Push your chair around? I am going to park you and your chair in the shade while I race my donkey, Merman! I point to the sleek Donkey, that is tied up under the tree in the parking lot. (Merman the donkey, LOVES the hospital food...)

My wheel chair bound friend lets his eyes light up and I hand him my camera and show him how to take pictures!

Sooooooooooo... if you see a camerman in a wheelchair, a Mermaid with one good arm, and a Donkey named Merman hitchiking from somewhere near the hospital sidewalk, give us a lift to Carrot Bay please!

We be racing, mon!


2009 08 07 316am and I'm alive and hot!

Somebody just woke up and realized they were in the hospital and put up a BIG FUSS.

And it wasn't me! Not this time! It's somebody else!

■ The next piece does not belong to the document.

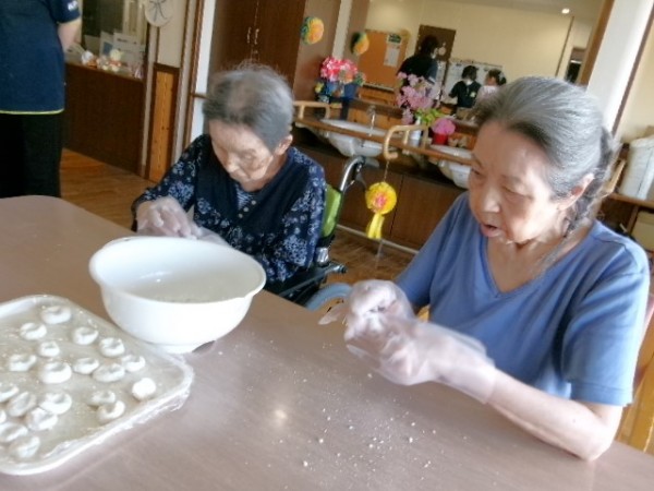まずはスタッフが、耳たぶくらいまで捏ねた白玉を、皆様に量産していただきました。

I haven't slept at all tonight! I am too hot!

Tomorrow I think I MIGHT have a lead on a fan...

The wind has stopped. If the hospital food doesn't kill us, heat stroke might!

There they go again!
Somebody at the other end of the hall is very unhappy to have woken up in the hospital.

I climb out of my high bed and sneak over to the new part of the hospital, which is blissfully COOL. I find the ONLY cold water fountain and top up my water bottle.

I tiptoe back to my ward and as I pass the swoosh of the double doors, I feel like I am a cookie dough, and I have just stepped into the oven.

I climb up in the chair and into my high bed. I have it as HIGH as it will go, which makes it almost level with the windless window. A tall surgeon could do surgery here, I have it so high!